В кабине пилотов тем временем тоже шел разговор. Не самое завидное дело — пробуждаться от всхлипов, но именно всхлипы разбудили оператора. Вздрогнув, он открыл глаза, непонимающе уставился на широкую спину Константина. Плечи майора дрожали, и время от времени доносились те самые подозрительные звуки.
— Ты что, командир, очумел? — Сергей чуть привстал. — Ты чего делаешь, Костя? Плачешь, что ли?
В подобном состоянии он видел коллегу впервые.
Спешно утерев глаза, Константин глухо прокашлялся. В полумгле лицо его было трудно разглядеть, и на мгновение Сергей даже усомнился, да слышал ли он в действительности что-нибудь? Оператор потянулся рукой, чтобы включить свет, но голос Кости остановил.
— Не надо, Серег… Так это я — о своем думал.
— Может, сон какой приснился?
Майор странно усмехнулся.
— А разве то, что с нами творится, на сон не похоже? Чистый бред!
— Так-то оно так, но… — Сергей споткнулся, не зная, что сказать дальше.
— Я, Серега, понимаешь, представил вдруг, что никто и ничто нам уже не поможет. И чего ради? Откуда ждать этой помощи? Ребята Чибрина — вон какие малолетки были, а и то…
Оператор молча слушал. Заворочавшись в пилотском кресле, майор продолжал:
— Я ведь, Серега, дед уже. И внуков у меня аж двое.
— Да ну?..
— Вот тебе и ну! Сын-балбес успел настрогать. Хоть на одно путное дело сподобился. Да… Вот я, стало быть, и представил, что придется им теперь без меня, — Константин снова глухо прокашлялся. — Главный кормилец, так сказать, — и пропал без вести.
— Брось, Костя, чего ты… — Сергей похлопал по рыхлому плечу коллеги. — Ни куда не денутся твои внуки. Вырастут. Тем паче, что пацаны. Если б девки были — другое дело…

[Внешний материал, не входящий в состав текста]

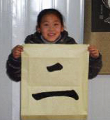 那夜老師和孩子靜靜地聊著,又一次幫孩子樹立信心,孩子志向找回來了。第二天重新來到書法班,成功地寫出了「下」字,對書法又有了信心。孩子心中當傳統文化老師的心愿再一次生起,而且做了勝利的手勢,說:「寫好書法,那是必須的。」
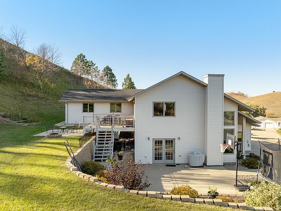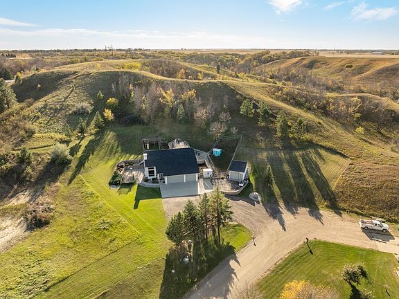 Situated just outside of Minot, this custom home tucked into scenic rolling countryside hills on a quiet dead-end road. The moment you step inside, large windows bathe the interior in natural light, creating a bright and welcoming atmosphere. The living room features soaring vaulted ceilings and opens to the kitchen and dining area, with doors that lead to the patio for seamless indoor-outdoor living. A bathroom is conveniently located off the kitchen, and a spacious laundry area sits nearby in a dedicated space. The main floor also includes a large bedroom, a family room, and a storage area. Upstairs reveals an inviting loft with access to the deck, four bedrooms (including a primary suite with a walk-in closet and a shower), a full bathroom, and an office. Garages include a heated 3-car attached garage with floor drains and a separate single detached garage offering extra storage or workshop space. The basement floor and the attached garage also feature heated floors for added comfort. The home is built to endure with 8-inch installed concrete forms, delivering superior energy efficiency for heating and cooling. This well-maintained, thoughtfully constructed residence offers ample living space and endless potential, making it a standout property. Schedule a showing today with your favorite Realtor.

Ладонь майора нашарила его руку, благодарно пожала, и к этому самому пожатию Сергей с интересом прислушался. Сухие, горячие пальцы принадлежали не кому-нибудь, а обладателю внучатого поколения. Странная это, должно быть, штука — быть дедом…
А Ваня Южин шепотом продолжал рассказывать сержанту:
— …Флора — она, Матвей, в солнце нуждается. Научный факт, аксиома. Чтоб, значит, вырабатывать хлорофилл и разный там фотосинтез. А на юге Казахстана глубоко под землей обнаружили целую рощу. Представляешь?
— Как же она там выросла? Если без солнца нельзя?
— Загадка. Пещеры — всегда загадка. Сколько спелеологов там погибло! Не зря же все они туда лезут и лезут.
— Стало быть, ты хочешь, чтобы и мы туда теперь лезли?
— Вынужденная мера, Матвей. Размеры диктуют все. Оглянись. Где живут крысы, хомяки, змеи? В катакомбах. Иной возможности выжить мир им не предоставляет.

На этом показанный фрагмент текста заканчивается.